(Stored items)
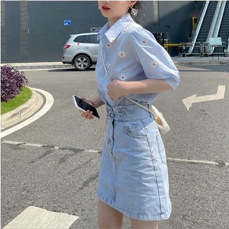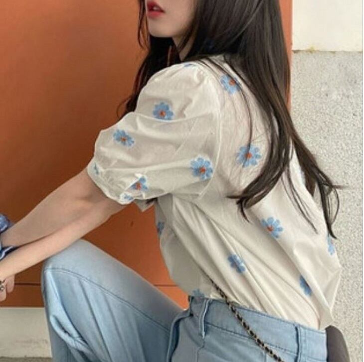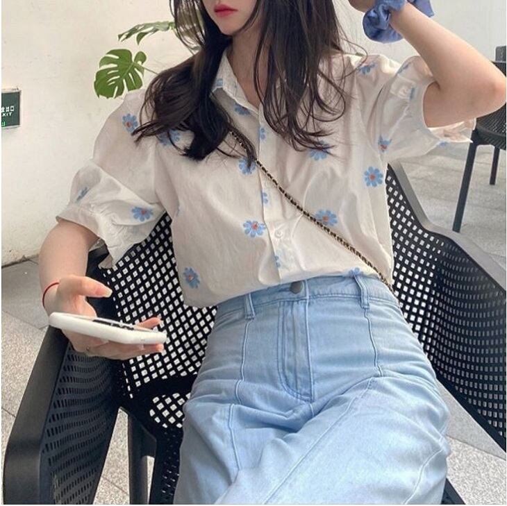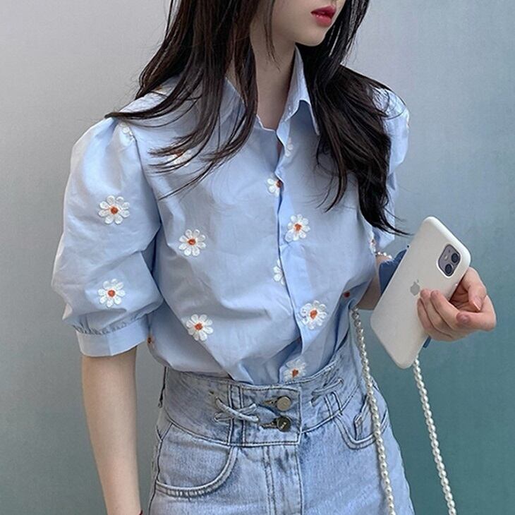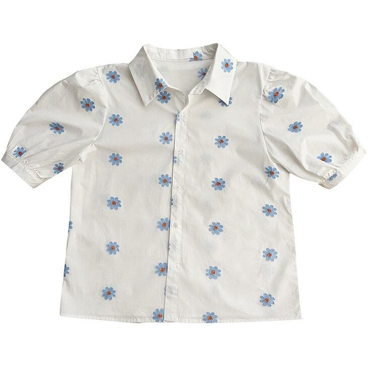 全2色 トップス ブラウス シャツ 襟付き 半袖 デイジー 花柄 フロントボタン カジュアル シンプル レトロ お出かけ デート デイリー 普段着 夏 ホワイト ブルー
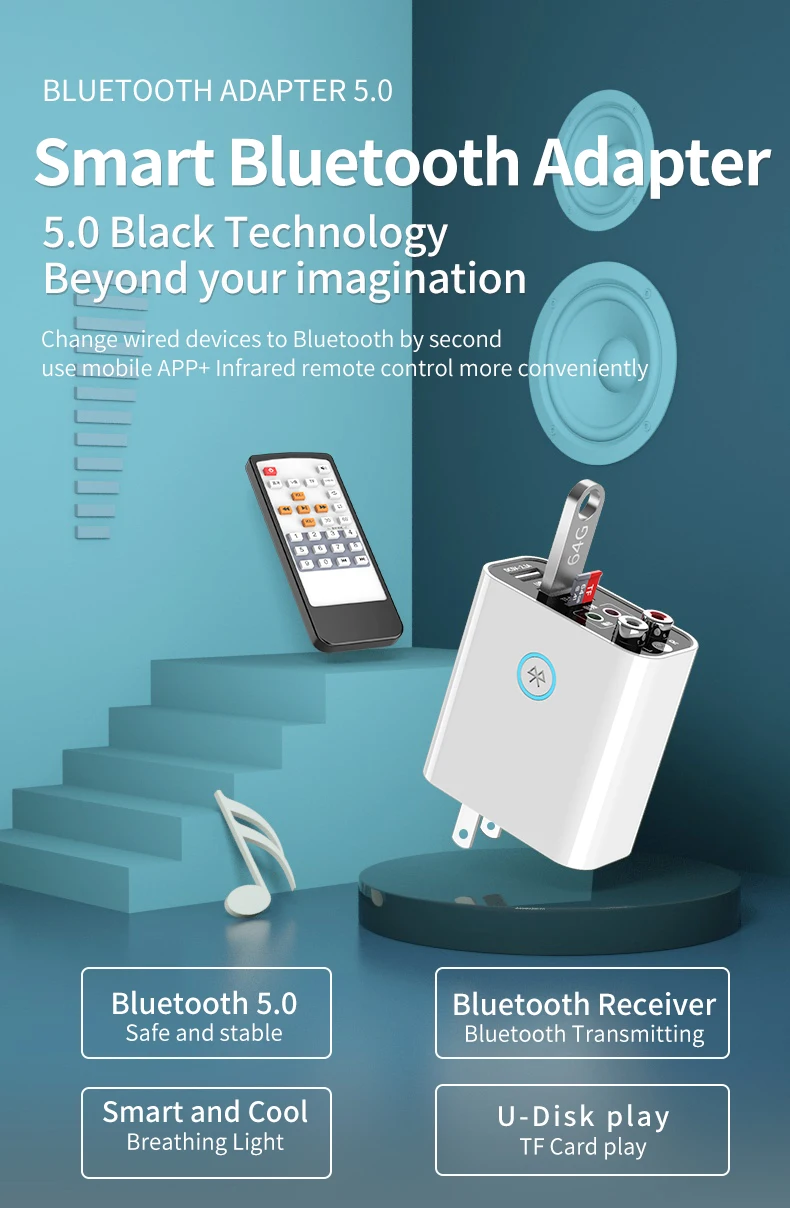 Беспроводной адаптер Bluetooth 5,0 приемник передатчик TF/U диск Play QC2.0 Зарядка для наушников ТВ ИК управление через приложение
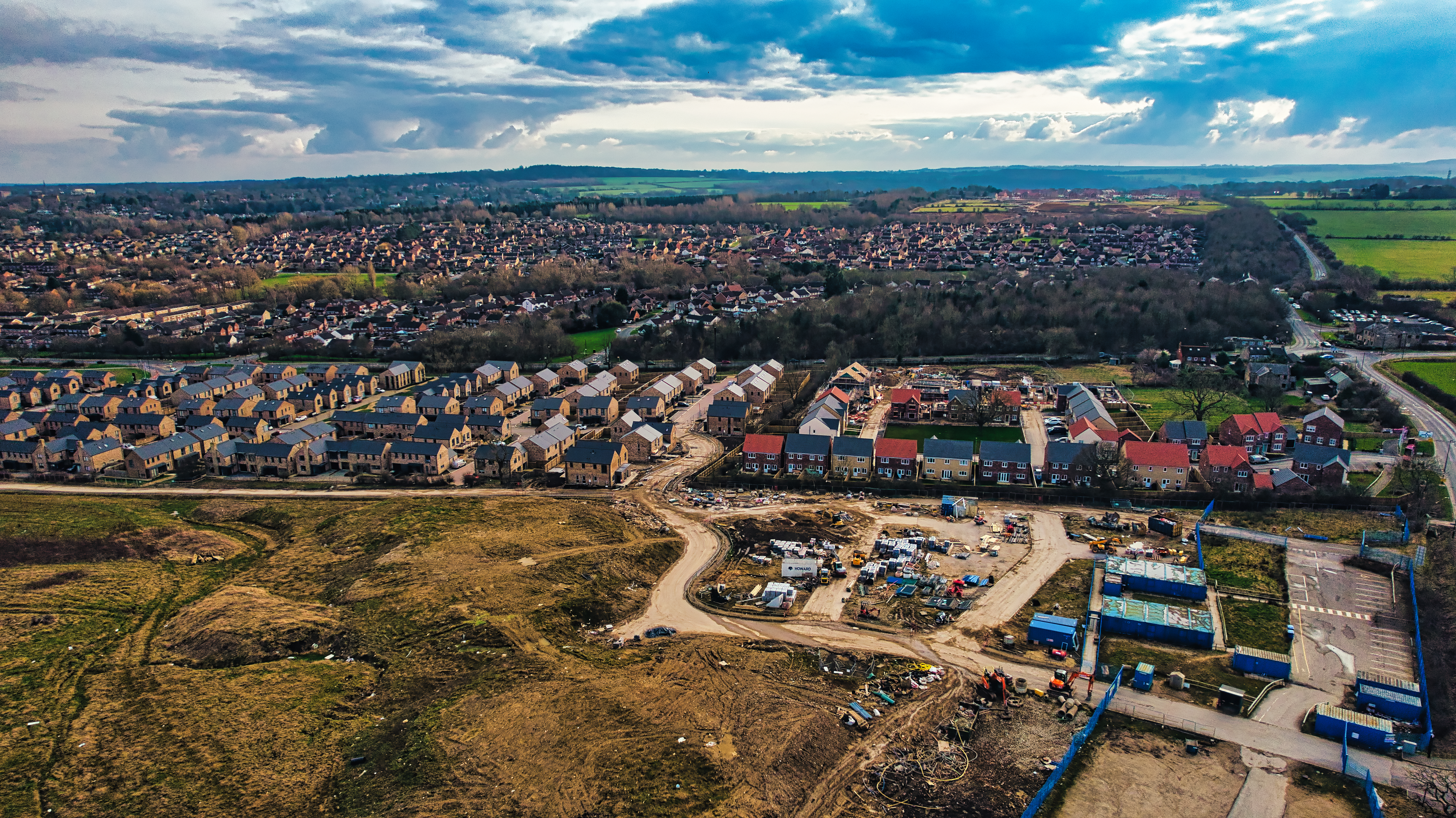 Aerial view of a suburban development with houses and roads, showcasing urban expansion into rural areas in Harrogate, North Yorkshire.
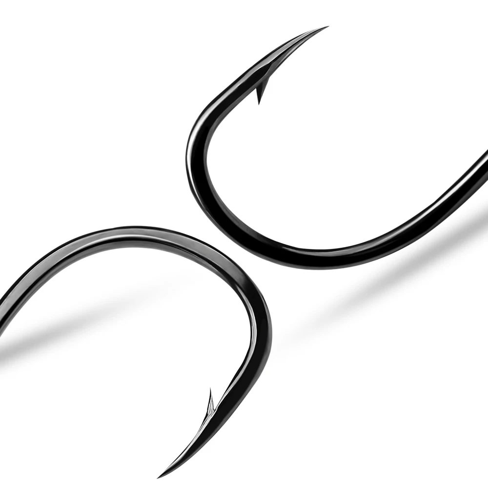 KATYUSHA 20PCS J Hooks 1/0-2/0-3/0-4/0-5/0# Barbed Octopus Fishing Hook High Carbon Steel Offset Fishhooks Black Color Pesca
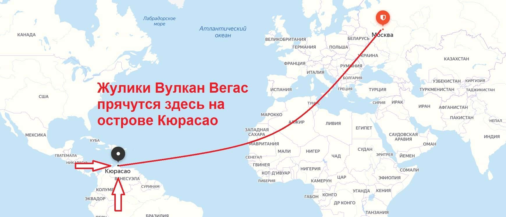 Шулера VulkanVegas конкретного адреса не указывают, известно лишь то, что деятельность компании регулируется согласно законодательству оффшорного государства Кюрасао.
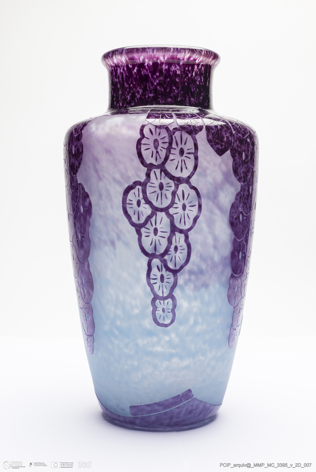 Matéria/Técnica: Vidro transparente com roxo e azul; Cronologia: 1924-1929; Autoria: Charles Schneider / Charder / Ovington, Inglaterra; Dimensões (cm): Altura: 29,5; Diâmetro: 16.
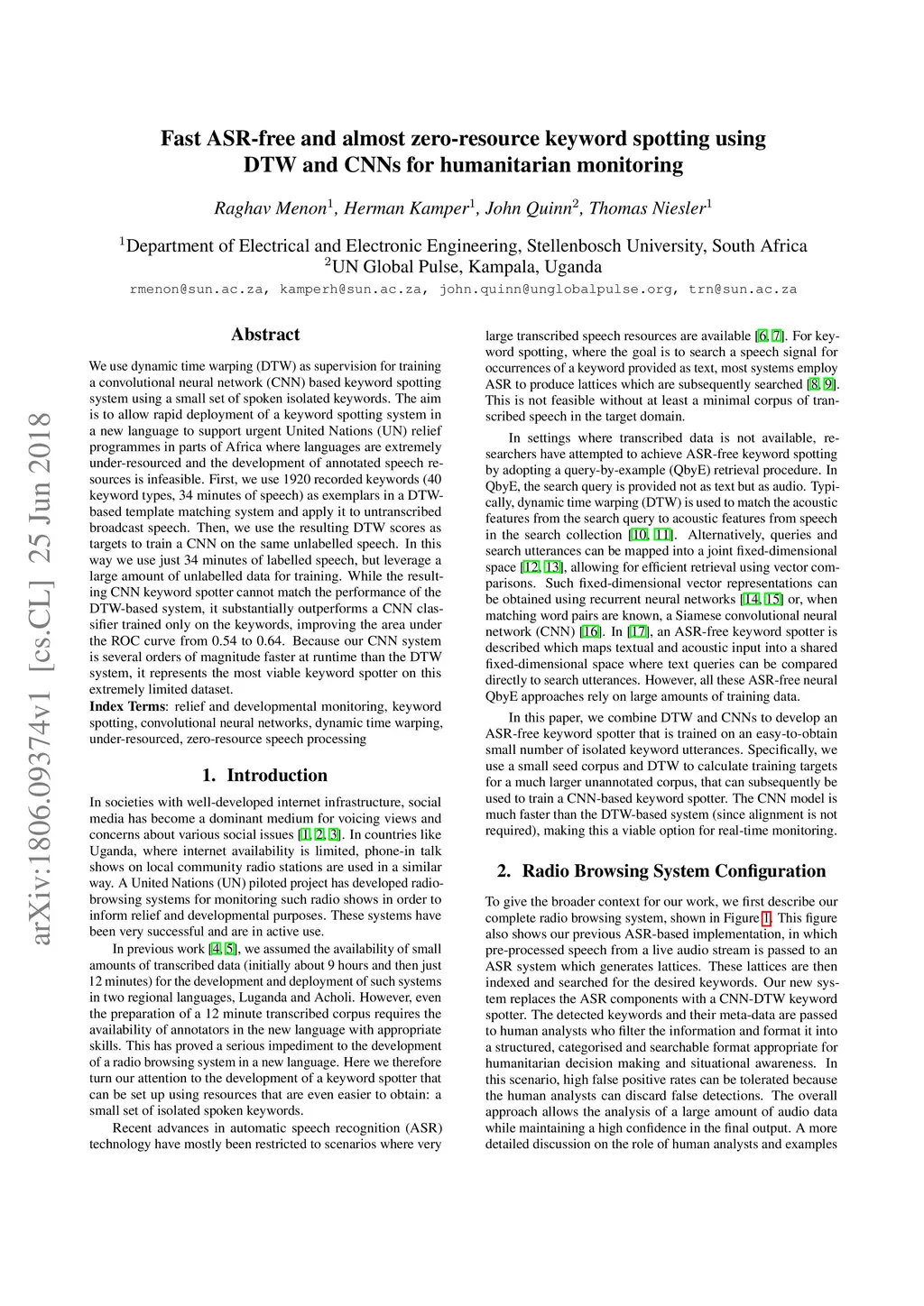 Fast ASR-free and almost zero-resource keyword spotting using DTW and
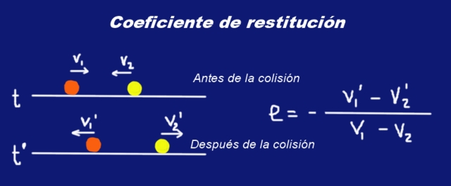 Donde e es un número real comprendido entre 0 y 1, llamado el coeficiente de restitución de la colisión. La expresión anterior se interpreta así:
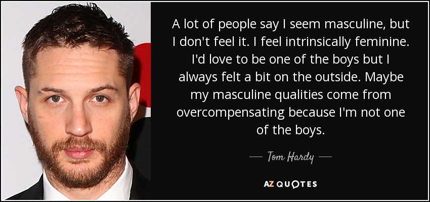 A lot of people say I seem masculine, but I don't feel it. I feel intrinsically feminine. I'd love to be one of the boys but I always felt a bit on the outside. Maybe my masculine qualities come from overcompensating because I'm not one of the boys.
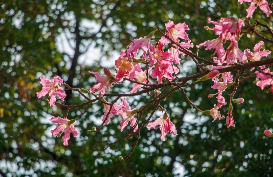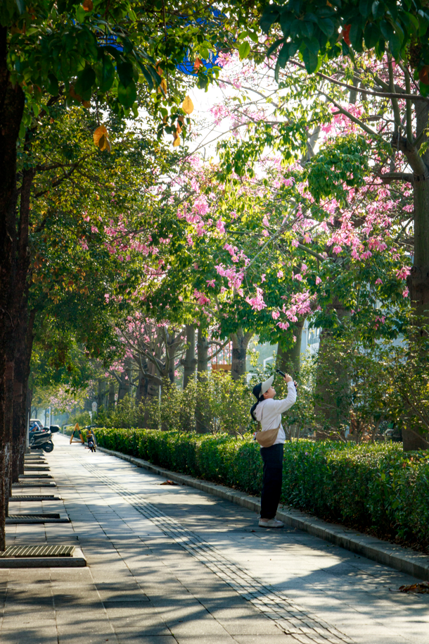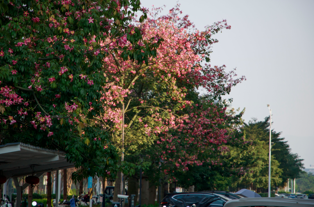 粉色的异木棉开遍了肇庆新区的街头与公园,让城市染上了一抹温柔的色彩。
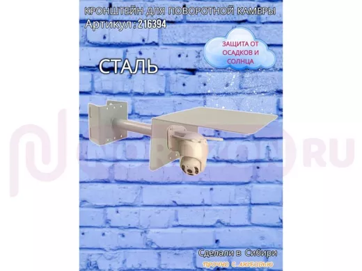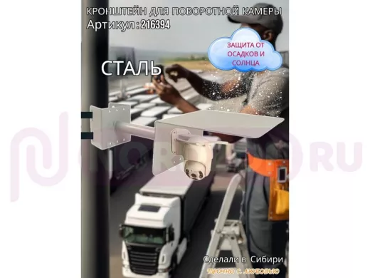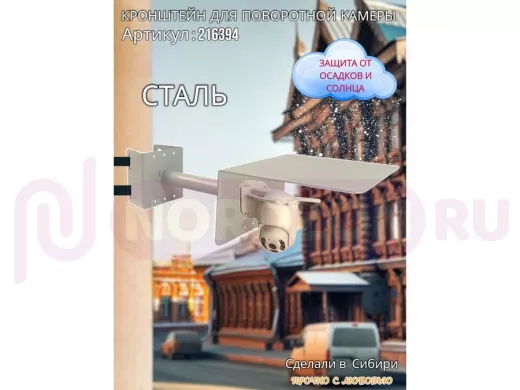 Заказать звонокКронштейн на столб для поворотной камеры с козырьком и вылетом 25 см "HIWOLL-216394" серый, сталь

#### Aim of the exercise
Give the lines again word for word, from the start of the records to the line holding "KATYUSHA 20PCS J", both included, and leave out any picture.

#### Response to the exercise
 全2色 トップス ブラウス シャツ 襟付き 半袖 デイジー 花柄 フロントボタン カジュアル シンプル レトロ お出かけ デート デイリー 普段着 夏 ホワイト ブルー
 Беспроводной адаптер Bluetooth 5,0 приемник передатчик TF/U диск Play QC2.0 Зарядка для наушников ТВ ИК управление через приложение
 Aerial view of a suburban development with houses and roads, showcasing urban expansion into rural areas in Harrogate, North Yorkshire.
 KATYUSHA 20PCS J Hooks 1/0-2/0-3/0-4/0-5/0# Barbed Octopus Fishing Hook High Carbon Steel Offset Fishhooks Black Color Pesca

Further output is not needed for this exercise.